Is there a way to manually open the Recovered Documents Pane in Word 2013
Every reference that I've looked at suggests forcing a crash, and then re-opening word. This seem like an kludgey way of resolving the issue, and was hoping there was a manual way to force open the Recovery Pane, or some kind of plugin I can download to simulate the process.
Since no one seems to actually understand your question, I will take a stab at it.
If I understand your problem correctly, you open Excel and the Document Recovery task pane appears with a list of files for you to view. You click on a file, review it for errors, save and/or close the file depending on whether you found errors, etc, and then go back to the task pane to open the next file.
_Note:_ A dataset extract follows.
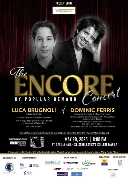 Thrive is proud to be one of the beneficiaries of The Encore Concert featuring Luca Brugnoli and Dominic Ferris — happening on May 29, 2025, at 8:00 PM at St. Cecilia Hall, St. Scholastica’s College, Manila.

But wait...it's gone! Slightly confused about why that panel would disappear after clicking on only one file in the list, you search around on the File menu and all the other tabs, frustrated that you can't find the stupid panel again. So you close Excel and restart it, hoping the panel appears again. And it does! You quickly realize, though, that since you have something like 20 files to review, closing and re-opening Excel after each file is beyond annoying.
I had this problem, too. It's unbelievably annoying. Who the hell thought that was a good idea??
tl;dr
Anyway, I found the answer by accident. Next time you have this panel open and you click on a file, when you are finished but before you close the document, look at the bottom left corner of the window. You should see the word "Ready" and then "Recovered". Click on the word "Recovered" to reopen the task pane. Next, write an angry note to Microsoft via the Feedback button. Because this is just asinine.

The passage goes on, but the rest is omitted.